I haven't heard or seen any of his posts in like I think I counted 5 days. Thats usually a lot for a Mod not to be on.


----------



## piranha45 (Apr 8, 2003)

perhaps he thinks the questions brought up in the past 5 days have been answered adequately by others already, or perhaps keeping countless reptile specimens is a job that can keep you from the computer for quite a while.

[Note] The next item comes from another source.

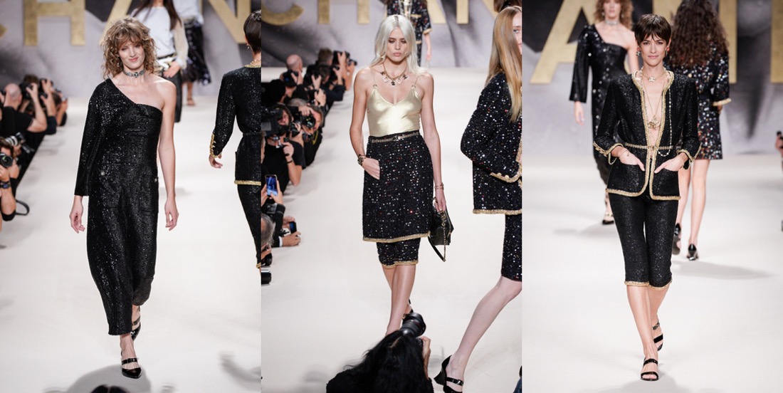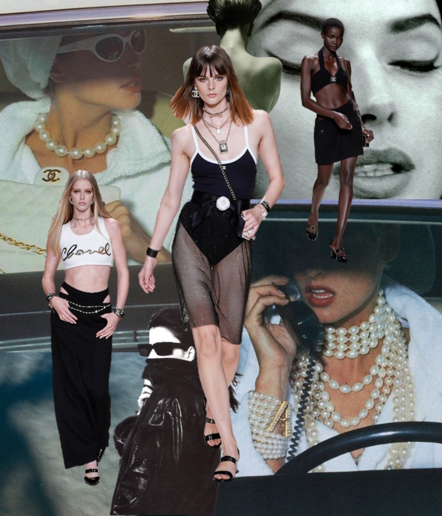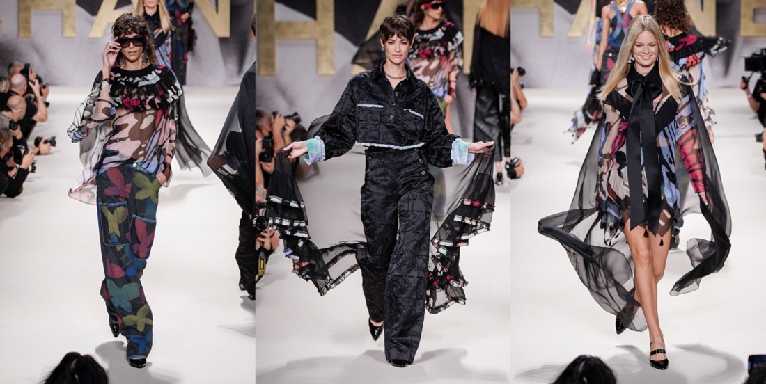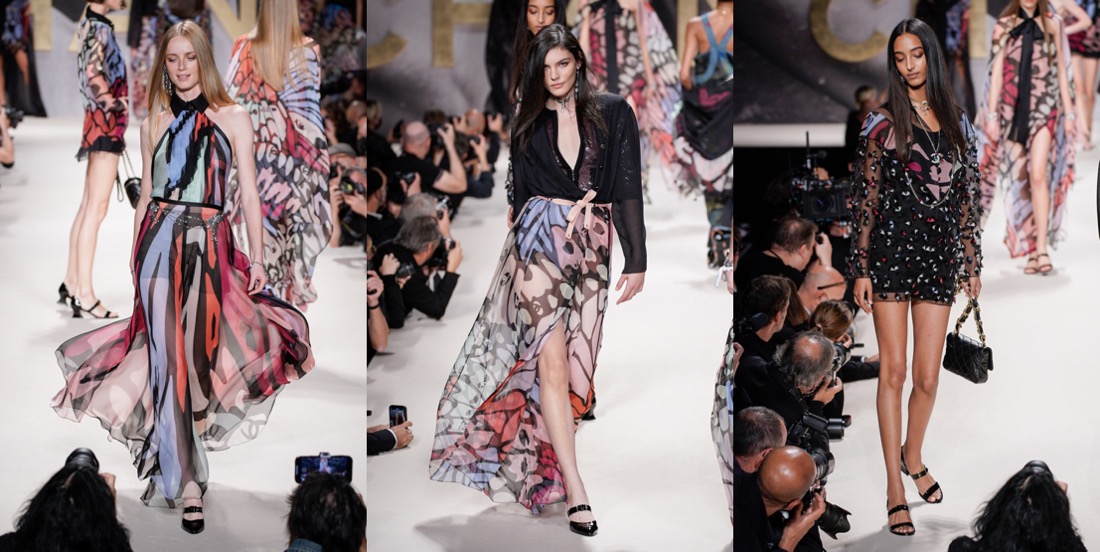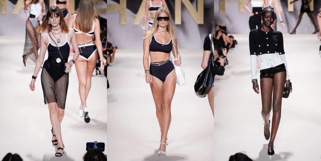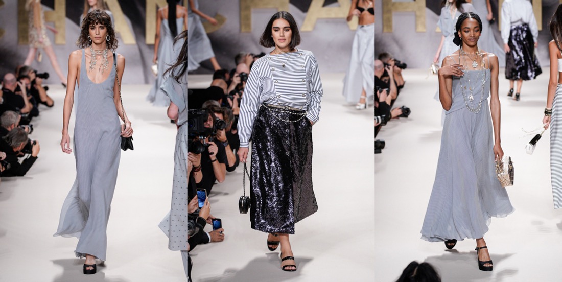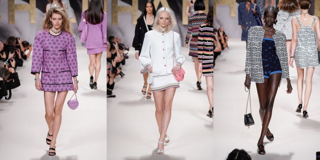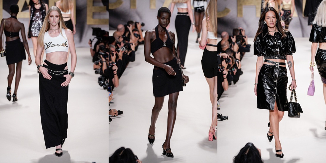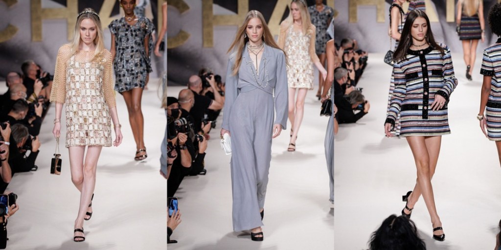 For spring-summer 2022, Virginie Viard delivered us the pure essence of Chanel – especially the 1980s-slash-90s one. If not for the contemporary models, you could mistake this collection with a 1992 line-up. Back in the day, supermodels came bounding down the high, raised runways exuding joie de vivre as they twirled and vamped for the photographers who had jostled for prime position, not only in the mosh pit at the end of the runway, but all along its length. Viard wanted to replicate that ambience, and she succeeded. “I used to love the sound of flashbulbs going off at the shows in the ’80s,” the designer recalled in the press notes. “I wanted to recapture that emotion.” Viard attempted to channel that energy and joy in a collection that not only referenced the era in the clothes, staging, and accessories (purses shaped like N°5 bottles; piratically flared Louis heels), but even the soundtrack: George Michael’s anthemic “Freedom! ’90” – in a contemporary cover version by Christine and the Queens – got the models in the party spirit. At the end of the raised runway, for instance, the photography duo Inez van Lamsweerde and Vinoodh Matadin, now deeply enmeshed in the Chanel world, played old-school show photographers, snapping the models who stopped to pose and preen for them and seemed to be having the time of their lives, flashing smiles and flicking hair rather than assuming the habitual look of sulky disdain. The show also opened à la Karl Lagerfeld – who sent shock waves when he put Chanel-branded underwear as outerwear on the runway for spring 1993 – with a black-and-white sequence of briefs, swimsuits, and sports bras, occasionally veiled in spangled black net pants or shown with above-the-knee skirts. During an accessories fitting a couple of days before the show, Viard pointed out the crocheted effects she had worked on with braid company Bacus, and the spin on the bright spring pastel tweed suits – think of Chanel-clad Naomi, Linda, and Carla, shot by Steven Meisel for Vogue, March 1994 – that she had given the twist of a longer skirt or jacket flap in back, suggesting a traditional tailcoat. “Karl was always doing fake jeans,” recalled Viard, shuddering at the memory. “In the ’90s they always seemed to be with pink tweed – ugh! For me it was horrible then, but now j’adore!” Her own reimagined denim propositions this season included a pretty, summery deck-chair ticking stripe cut into stiff little 1960s-looking dresses with bold bands of black sequins, creating the trompe l’oeil illusion of a classic Chanel cardigan suit, and charcoal denim wafted with a butterfly print. Those butterfly wings were amplified as prints on drifting chiffon pieces that swirled as the girls twirled, providing another charming throwback to a moment that celebrated the happiness the fashion flock is feeling in a season of cautious reemergence and optimism.

*There's no reason to get on his case about it. B. Scott of the Cichlid forum hasn't posted in 2 months. These people have lives outside of fury and if they forget about it for a while that's their business.*


----------



## Atlanta Braves Baby! (Mar 12, 2003)

piranha45 said:


> perhaps he thinks the questions brought up in the past 5 days have been answered adequately by others already, or perhaps keeping countless reptile specimens is a job that can keep you from the computer for quite a while.
> 
> *There's no reason to get on his case about it. B. Scott of the Cichlid forum hasn't posted in 2 months. These people have lives outside of fury and if they forget about it for a while that's their business.*


 Very true. He will be back dont worry.


----------



## Kory (Jun 5, 2003)

He's a busy man he will be on when he has time.


----------



## Puddjuice (Mar 11, 2004)

Oh I wasn't trying to get on his case.







I was just curious to where he was. Sorry for ( getting on his case).


----------



## CrocKeeper (Dec 26, 2003)

> Oh I wasn't trying to get on his case. I was just curious to where he was. Sorry for ( getting on his case).


Don't apologize!







Give him hell!!!!!!!!!!!!
















I have been out of town, soory gang!!!
Thank you for noticing and defending!
I do have to say that many of the questions have been responded to in absolutely wonderful manners! We have a kick ass group of people, thank you P-Fury peeps


----------



## Atlanta Braves Baby! (Mar 12, 2003)

CrocKeeper said:


> > Oh I wasn't trying to get on his case. I was just curious to where he was. Sorry for ( getting on his case).
> 
> 
> Don't apologize!
> ...










Told ya he would be back!


----------